[STUDY MATERIAL]
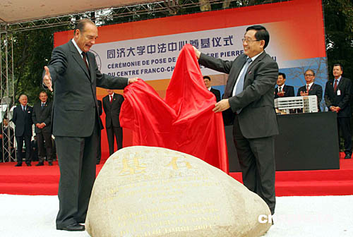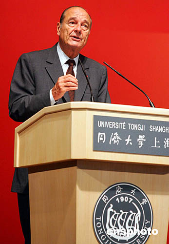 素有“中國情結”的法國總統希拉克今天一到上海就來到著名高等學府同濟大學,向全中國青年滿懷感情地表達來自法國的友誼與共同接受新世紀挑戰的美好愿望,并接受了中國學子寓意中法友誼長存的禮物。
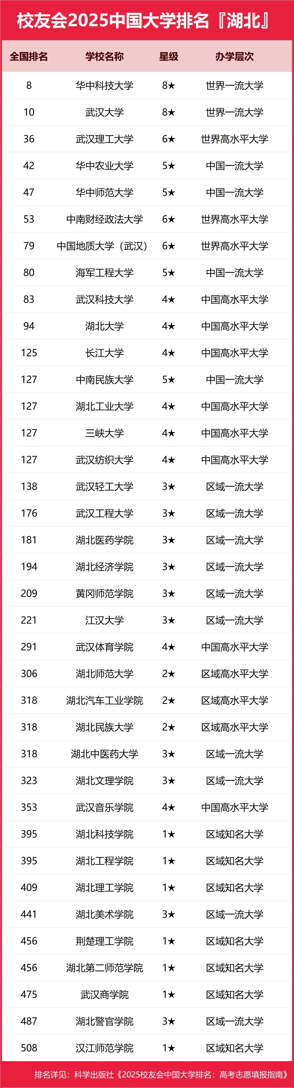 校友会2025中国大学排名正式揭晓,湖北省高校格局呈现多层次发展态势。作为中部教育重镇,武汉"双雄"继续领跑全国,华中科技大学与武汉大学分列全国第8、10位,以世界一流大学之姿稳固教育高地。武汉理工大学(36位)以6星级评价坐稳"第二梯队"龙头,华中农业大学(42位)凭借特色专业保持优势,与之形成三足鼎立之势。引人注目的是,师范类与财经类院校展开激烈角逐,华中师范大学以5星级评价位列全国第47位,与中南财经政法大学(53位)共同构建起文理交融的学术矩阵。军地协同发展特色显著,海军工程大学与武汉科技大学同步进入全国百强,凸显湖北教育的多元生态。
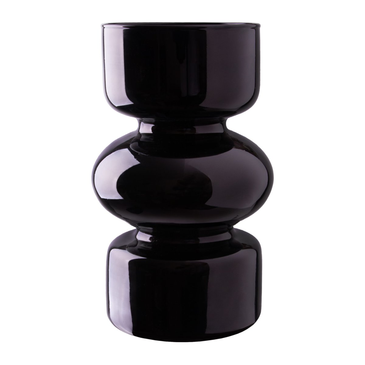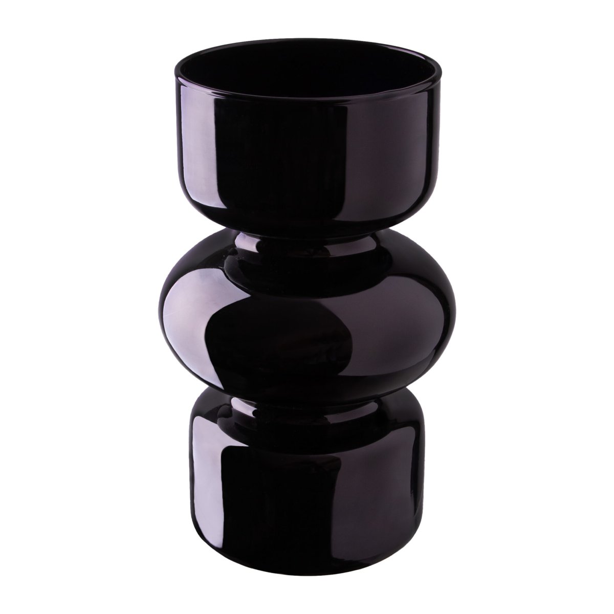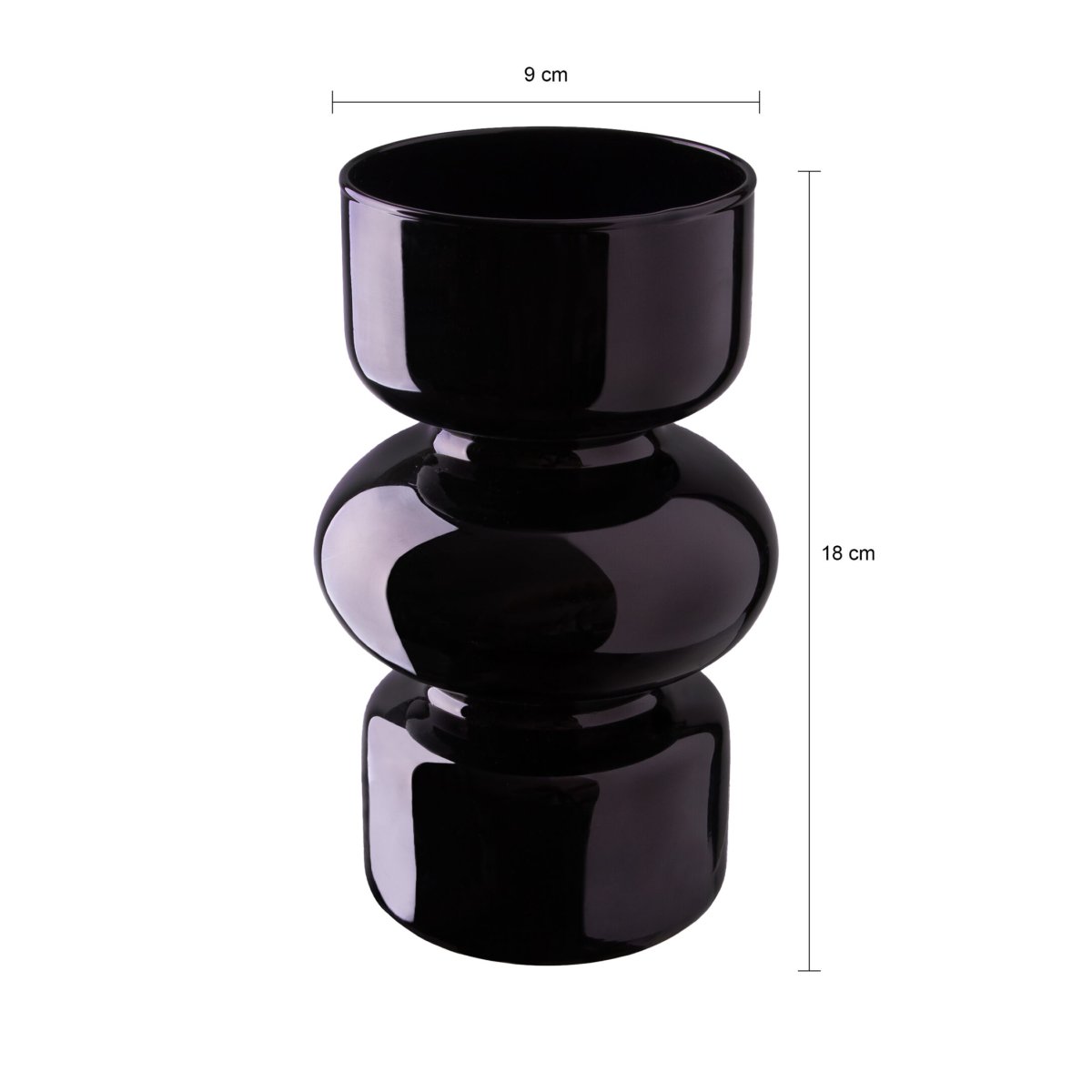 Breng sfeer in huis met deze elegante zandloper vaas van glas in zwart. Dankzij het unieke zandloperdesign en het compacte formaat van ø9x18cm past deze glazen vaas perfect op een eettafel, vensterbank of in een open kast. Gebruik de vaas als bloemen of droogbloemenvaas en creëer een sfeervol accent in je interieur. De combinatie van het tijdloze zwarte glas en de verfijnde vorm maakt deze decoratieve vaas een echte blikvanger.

* * *

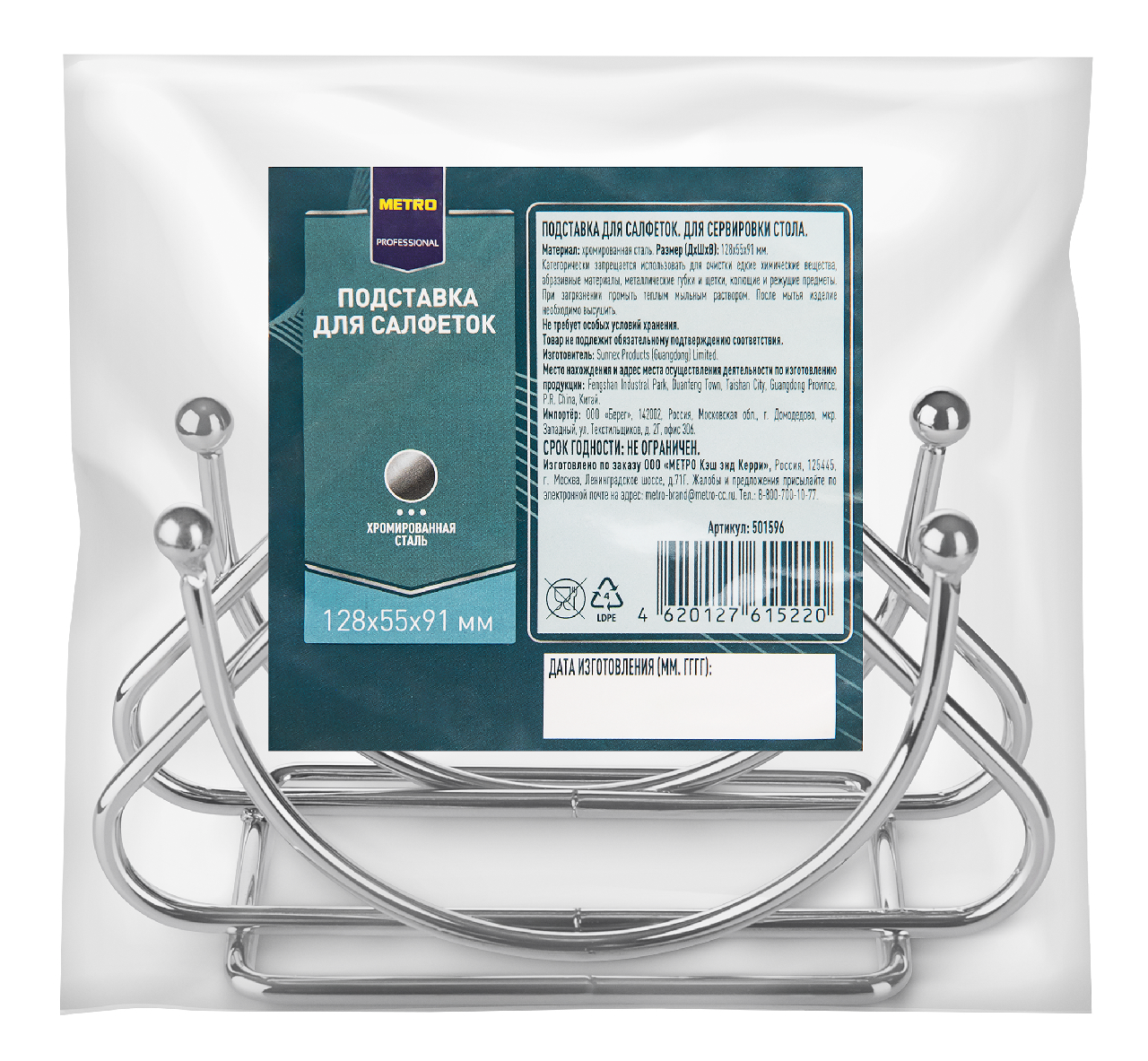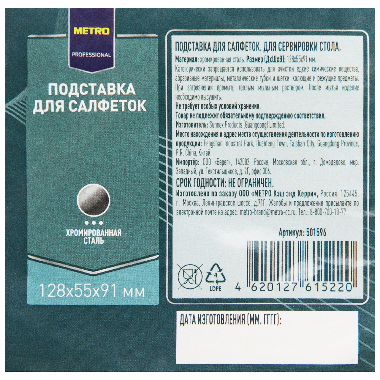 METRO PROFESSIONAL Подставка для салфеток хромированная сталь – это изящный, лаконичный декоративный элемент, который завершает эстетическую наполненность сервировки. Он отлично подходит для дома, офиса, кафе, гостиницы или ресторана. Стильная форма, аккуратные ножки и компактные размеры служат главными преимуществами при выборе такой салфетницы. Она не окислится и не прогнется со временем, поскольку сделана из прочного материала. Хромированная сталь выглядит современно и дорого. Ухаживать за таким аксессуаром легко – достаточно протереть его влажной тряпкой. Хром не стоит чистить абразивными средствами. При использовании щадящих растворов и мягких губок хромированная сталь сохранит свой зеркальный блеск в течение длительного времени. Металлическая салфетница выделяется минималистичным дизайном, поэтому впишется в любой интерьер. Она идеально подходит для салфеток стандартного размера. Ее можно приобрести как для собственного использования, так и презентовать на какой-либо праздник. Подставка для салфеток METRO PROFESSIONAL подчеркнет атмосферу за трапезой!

[BRIEF] Only the lines above from the one with "校友会2025中国大学排名正" to the one with "Breng sfeer in" should be printed, both included and exactly as written; no picture belongs in the copy.

[RESULT OF THIS EXERCISE]
 校友会2025中国大学排名正式揭晓,湖北省高校格局呈现多层次发展态势。作为中部教育重镇,武汉"双雄"继续领跑全国,华中科技大学与武汉大学分列全国第8、10位,以世界一流大学之姿稳固教育高地。武汉理工大学(36位)以6星级评价坐稳"第二梯队"龙头,华中农业大学(42位)凭借特色专业保持优势,与之形成三足鼎立之势。引人注目的是,师范类与财经类院校展开激烈角逐,华中师范大学以5星级评价位列全国第47位,与中南财经政法大学(53位)共同构建起文理交融的学术矩阵。军地协同发展特色显著,海军工程大学与武汉科技大学同步进入全国百强,凸显湖北教育的多元生态。
 Breng sfeer in huis met deze elegante zandloper vaas van glas in zwart. Dankzij het unieke zandloperdesign en het compacte formaat van ø9x18cm past deze glazen vaas perfect op een eettafel, vensterbank of in een open kast. Gebruik de vaas als bloemen of droogbloemenvaas en creëer een sfeervol accent in je interieur. De combinatie van het tijdloze zwarte glas en de verfijnde vorm maakt deze decoratieve vaas een echte blikvanger.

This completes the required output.